* [Exercise instructions]: Everything in the listing should be copied exactly, save for the pictures.

* [Exercise data]:
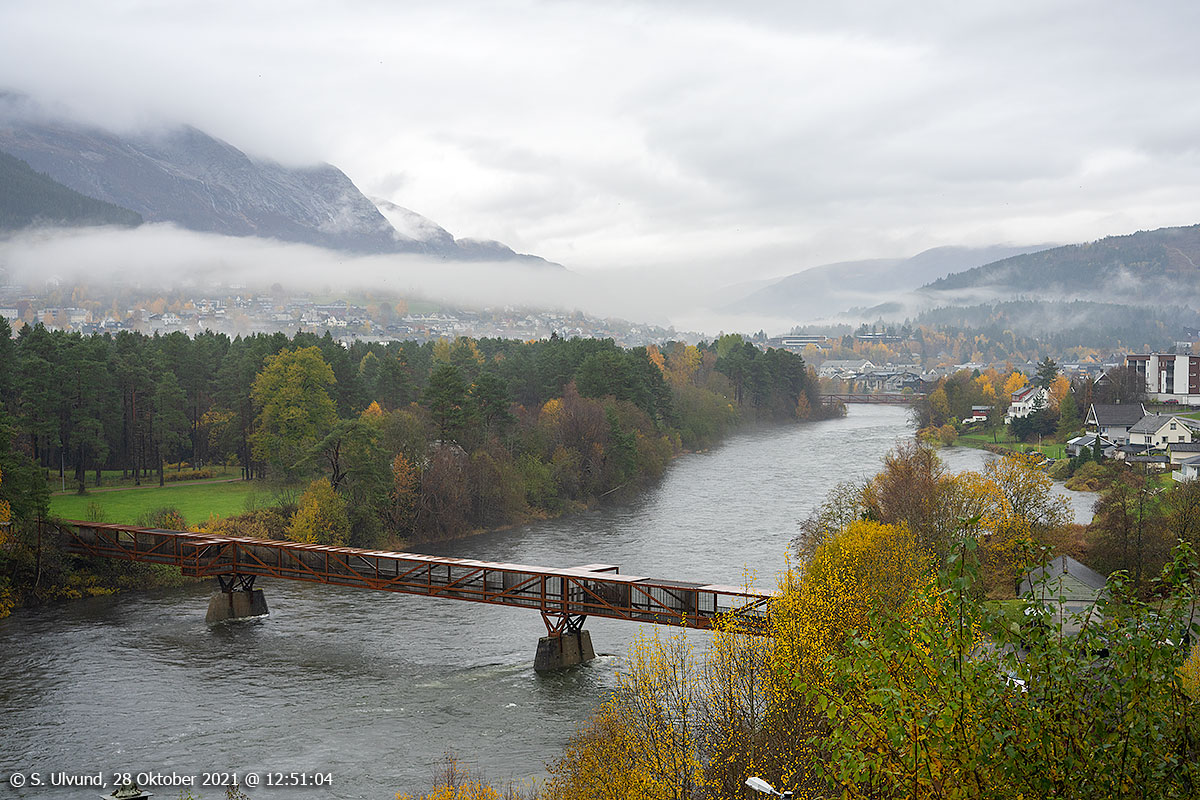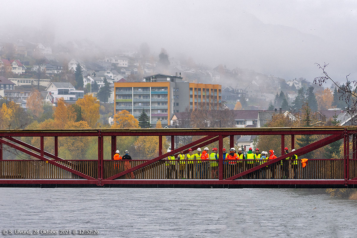 Bru konferanse! på nye gangbrua over Vosso frå Nyresfeltet til Prestegardsmoen, 28. oktober 2021, 12:52, +9C (Voss)
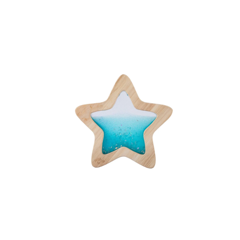 Découvrez l'étoile sensorielle Orionis de Petit Boum, une activité d'éveil pour les enfants dès 6 mois avec cette étoile flottante autour de la couleur bleue, contenant du liquide coloré, des paillettes et du fluides fluorescents qui brillent dans le noir.
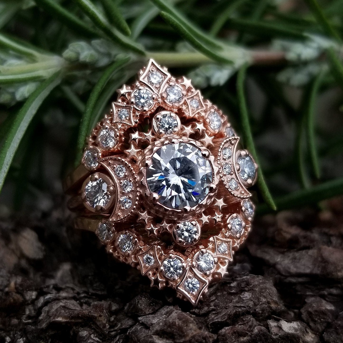 Cosmos Engagement Ring Set - Moissanite or Diamonds Custom Wedding Set - 14k Gold Witchy Engagement

* [Solution to this task]:
 Bru konferanse! på nye gangbrua over Vosso frå Nyresfeltet til Prestegardsmoen, 28. oktober 2021, 12:52, +9C (Voss)
 Découvrez l'étoile sensorielle Orionis de Petit Boum, une activité d'éveil pour les enfants dès 6 mois avec cette étoile flottante autour de la couleur bleue, contenant du liquide coloré, des paillettes et du fluides fluorescents qui brillent dans le noir.
 Cosmos Engagement Ring Set - Moissanite or Diamonds Custom Wedding Set - 14k Gold Witchy Engagement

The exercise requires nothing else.